Les policiers ont rapidement localisé la victime et d’autres individus blessés sur place. «Ces derniers auraient mentionné aux policiers qu’un suspect était en cavale et qu’ils avaient été agressés par celui-ci», explique le porte-parole du SPVQ David Poitras.

Craignant qu’un suspect armé attaque des personnes de façon aléatoire en raison des déclarations reçues, un déploiement policier s’est dirigé dans le quartier Saint-Roch. Aucun suspect n’avait été localisé. 

Les blessés étaient les suspects

«Cependant, l’enquête a rapidement démontré que les individus blessés qui ont fourni une déclaration aux policiers étaient en fait les suspects de la tentative de meurtre», confirme M. Poitras.

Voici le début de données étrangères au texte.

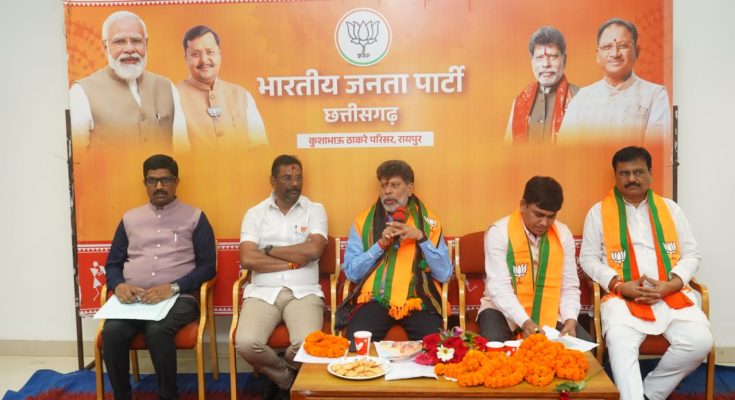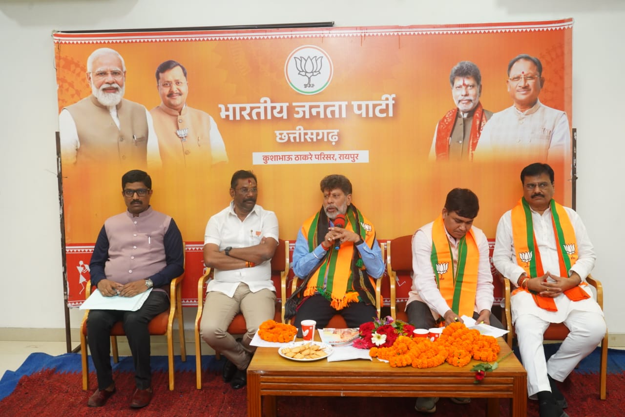रायपुर। भाजपा प्रदेश कार्यालय कुशाभाऊ ठाकरे परिसर में भाजपा झुग्गी झोपडी प्रकोष्ठ के प्रदेश पदाधिकारियों की बैठक भाजपा प्रदेश अध्यक्ष किरण सिंह देव जी की गरिमामयी उपस्थिति में सम्पन्न हुआ। सर्वप्रथम डॉ श्यामा प्रसाद मुखर्जी, पं. दिनदयाल उपाध्याय जी व भारत माता के तैल्य चित्र पर माल्यार्पण व दीप प्रज्जवलित कर बैठक प्रारंभ की गई। तत्पश्चात अतिथियों का स्वागत कर प्रदेश पदाधिकारियों का परिचय किया गया।

Une agression armée camouflée par les accusés: ils se font passer pour les victimes avant d’être arrêtés
Photo Agence QMI, Guy Martel

Ainsi, Gabriel Poirier, 22 ans, a été accusé de voie de fait grave sur la victime de 33 ans. Ce dernier, de même que Gabrielle Deblois et Benjamin Poirier, également dans la vingtaine, font aussi face à d’autres accusations de méfaits publics en ayant fait une fausse déclaration.

Ils sont ainsi accusés d’avoir, avec l’intention de tromper, amené des agents de la paix à commencer une enquête en rapportant qu’une infraction, soit une voie de fait, a été commise afin de rendre une tierce personne suspecte. Les trois individus restent détenus au moins jusqu’à vendredi.

La preuve étant à parfaire, d’autres accusations pourraient être déposées à ce moment, a indiqué la procureure Me Valérie Bélizaire-Joseph.